Sometimes it does, and you get "The Empty House." Sometimes it misfires and you get "Wisteria Lodge." Even the Merlin of this metaphor didn't hit every mark. And the ritual goes on.

Saturday, August 21, 2021

Memorandums of Sherlock Holmes

 "Holmes noted it down and sat, still smiling with the open memorandum-book upon his knee."

-- "The Illustrious Client"

It really sounds like something important, this memorandum thing, but less so when one calls it by the modern short-form, the "memo." It's even less fancy seeming when one looks up the definition: a note or message used in business or diplomatic settings. So Sherlock Holmes has his business notebook on his knee. And every bit of glamour goes right out of the consulting detective business.

Because the business just became more business-like. Can you imagine if one of the collections had been titled "The Business of Sherlock Holmes?" Whew.

Who else uses these business memos in the Canon?

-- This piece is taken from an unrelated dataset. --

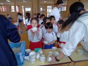 とってもシンプルな塩おにぎりとお味噌汁という給食でしたが、大満足の子どもたち。給食が終わってからも、「おにぎり美味しかった」「また、食べた~い」と年長さんとの思い出作りとして企画したおにぎり作りは大成功✨おにぎり、お味噌汁、ゼリーともに完食でなんとなんと残飯0でした。

Well, Jonathan Small thinks Pappy Sholto might have written treasure memos, but no. Belgrade sends them to England so they can sit in Trelawney Hope's dispatch box. And Professor Moriarty carries one around with him . . . which makes it odd that Sherlock Holmes has never been seen with a memorandum book until after he sees that Professor Moriarty carries one.

But is it Holmes taking cues from his arch-nemesis, or is it just that, by 1902 and the memorandum-book, the "agency" he refers to in "Sussex Vampire" is an actual business grown beyond his one-man-plus-Watson-sometimes show? Or a worse theory -- was his memory starting to go by 1902, en route to the condition portrayed in the movie Mr. Holmes? (Though if things were already going downhill in 1902, I doubt brother Mycroft would have sent him to spy in American a decade later.)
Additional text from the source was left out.